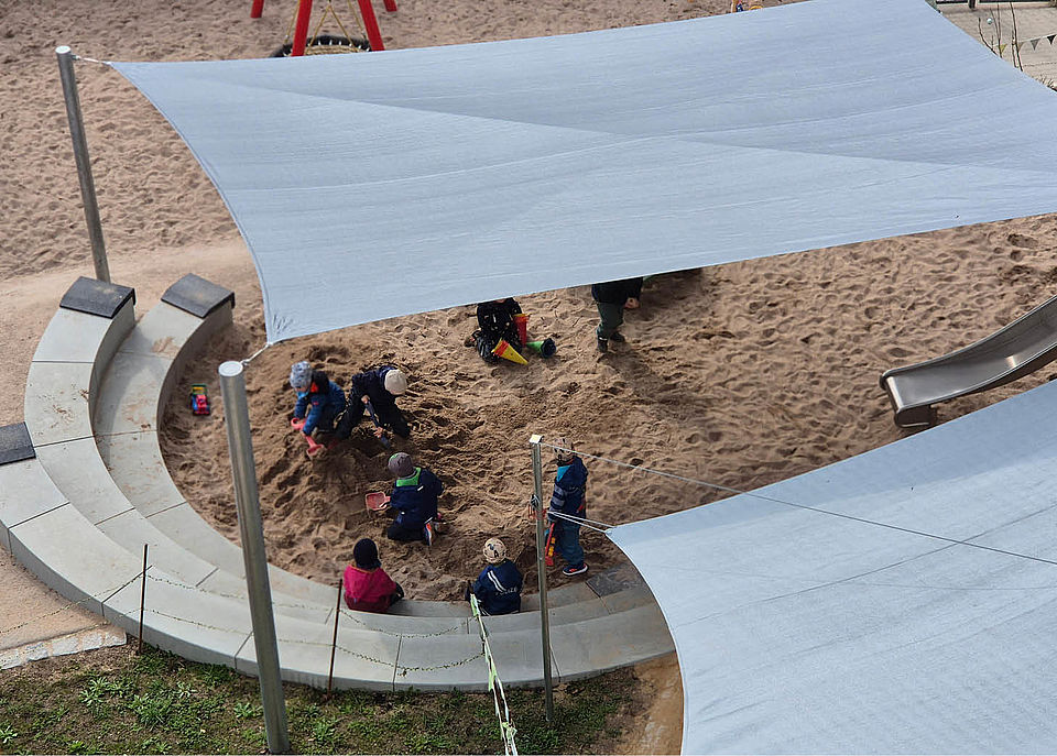 Die Kindertagesstätte ist erst im letzten Drittel des Jahres 2025 an ihren neuen Standort umgezogen. Mit der Installation des Sonnensegels wird nun auch die Außengestaltung des Geländes vervollständigt, sodass den Kindern ein rundum gut ausgestatteter und sicherer Außenbereich zur Verfügung steht.
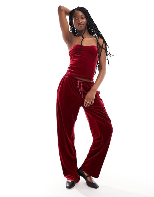 Lioness velour bandeau top and jogger co-ord in burgundy
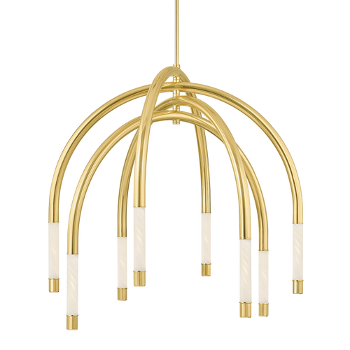 The modern mobile-inspired Dashiell chandelier is designed to spark conversations. While constructed of substantial materials, this chandelier maintains a light, balanced appearance with an innate sense of movement. Slender Vintage Polished Brass arms are capped with tapered cylindrical alabaster shades, adding a note of contrast to the upscale fixture. The distinctive fluted holders of the shades provide additional style. Illuminated by LED, Dashiell is available in two sizes.

----------------

- Task to complete:
Give back all the material exactly, with no pictures.

- Response:
 Die Kindertagesstätte ist erst im letzten Drittel des Jahres 2025 an ihren neuen Standort umgezogen. Mit der Installation des Sonnensegels wird nun auch die Außengestaltung des Geländes vervollständigt, sodass den Kindern ein rundum gut ausgestatteter und sicherer Außenbereich zur Verfügung steht.
 Lioness velour bandeau top and jogger co-ord in burgundy
 The modern mobile-inspired Dashiell chandelier is designed to spark conversations. While constructed of substantial materials, this chandelier maintains a light, balanced appearance with an innate sense of movement. Slender Vintage Polished Brass arms are capped with tapered cylindrical alabaster shades, adding a note of contrast to the upscale fixture. The distinctive fluted holders of the shades provide additional style. Illuminated by LED, Dashiell is available in two sizes.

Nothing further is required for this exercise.